According to the BMA's booklet, "Understanding Thyroid Disorders", many people do not feel well unless their levels are at the bottom of the TSH range or below and at the top of the FT4 range or a little above.
The booklet is written by Dr Anthony Toft, past president of the British Thyroid Association and leading endocrinologist. It's published by the British Medical Association for patients. Avalable on Amazon and from pharmacies for £4.95 and might be worth buying to highlight the appropriate part and show your doctor.
Also -
Dr Toft states in Pulse Magazine, "The appropriate dose of levothyroxine is that which restores euthyroidism and serum TSH to the lower part of the reference range - 0.2-0.5mU/l.
In this case, free thyroxine is likely to be in the upper part of its reference range or even slightly elevated – 18-22pmol/l. Most patients will feel well in that circumstance.
But some need a higher dose of levothyroxine to suppress serum TSH and then the serum-free T4 concentration will be elevated at around 24-28pmol/l.

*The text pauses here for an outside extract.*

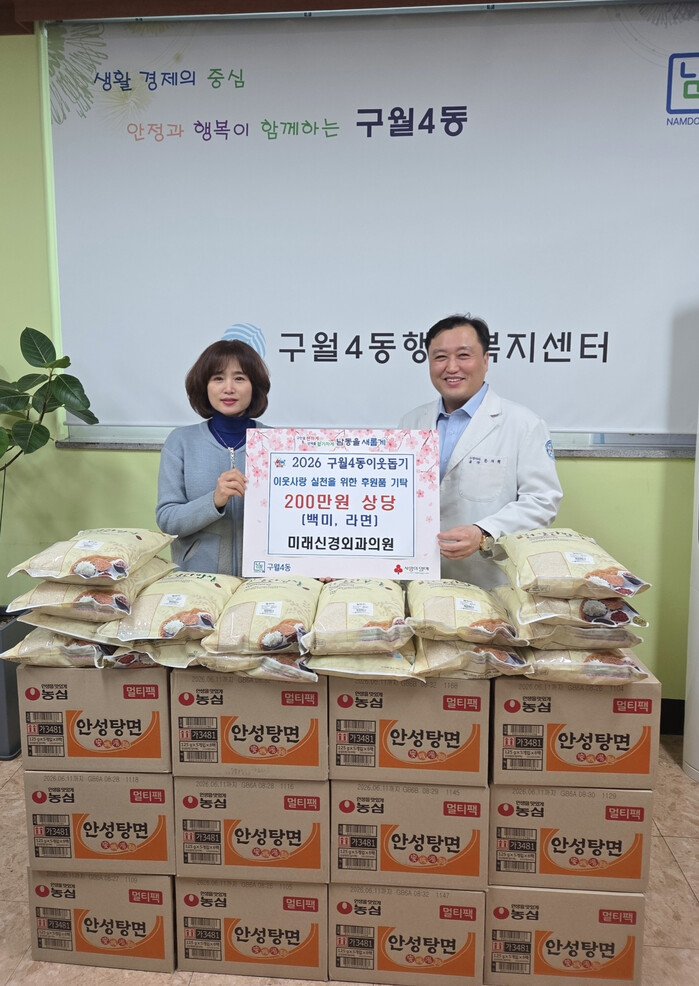 미래신경외과는 구월4동 행정복지센터에 백미 50포와 라면 30상자 등 200만 원 상당의 물품을 기탁했다.
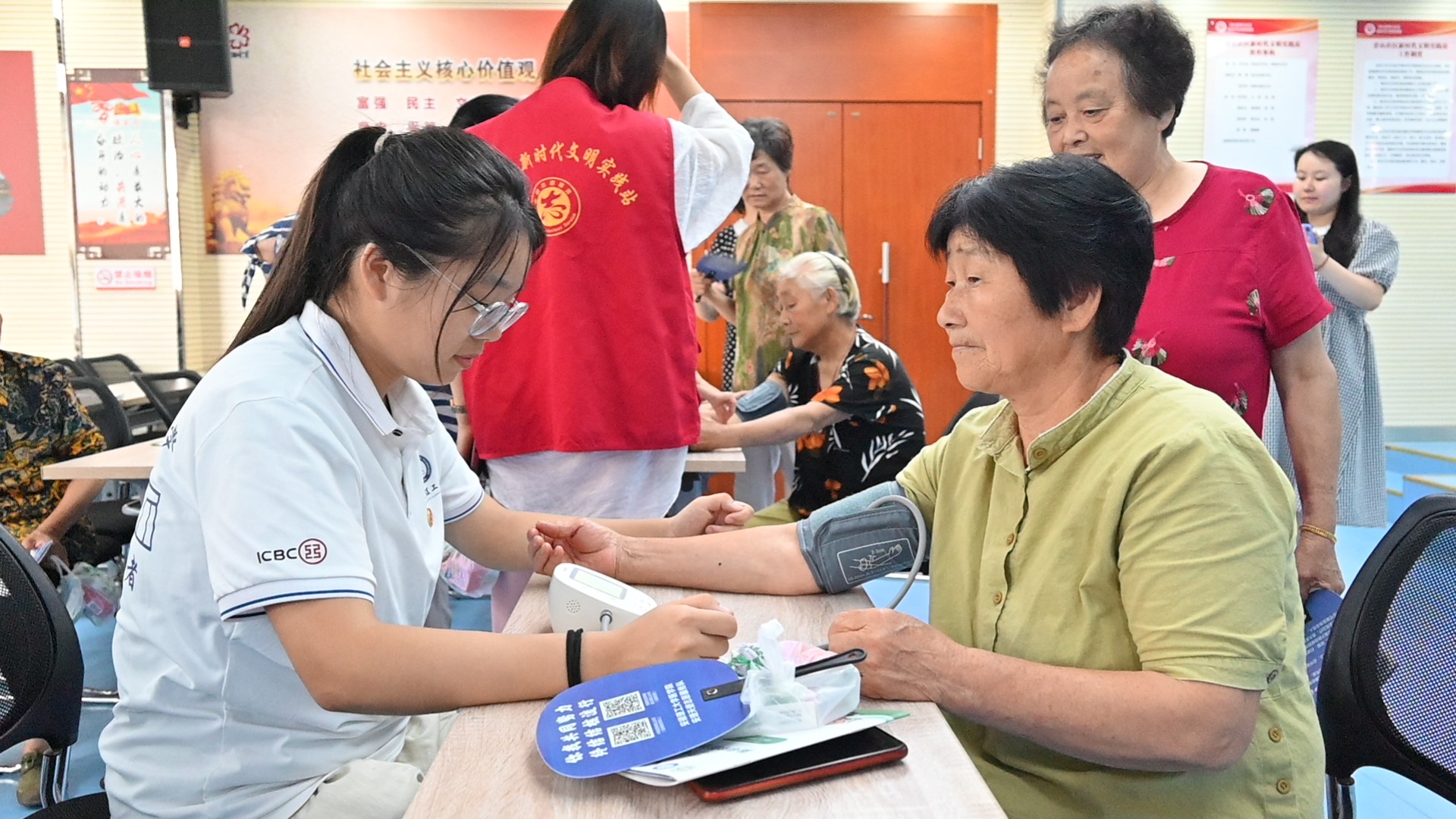 志愿者们走进社区,现场为村民测量血压、血糖,并根据测量结果为血压偏高或偏低的居民提出了指导建议。“定期测血压,感觉不舒服时要及时测量血压。”“遵医嘱坚持长期药物治疗,不要自行停药或调整药物”......现场氛围热烈,志愿者们通过发放健康教育处方的方式普及健康知识,同时还为每一位村民送上包含碘伏、风油精、创可贴、口罩的爱心医药包。

This 'exogenous subclinical hyperthyroidism' is not dangerous as long as serum T3 is unequivocally normal – that is, serum total around T3 1.7nmol/l (reference range 1.0-2.2nmol/l)."
You can obtain a copy of the article by emailing louise.roberts@thyroiduk.org print it and highlight question 6 to show your doctor.
So I think you should have an increase in your Levo to get your FT4 up, you need to see where your FT3 lies so get that tested, and you need to work on getting all vitamins and minerals optimal.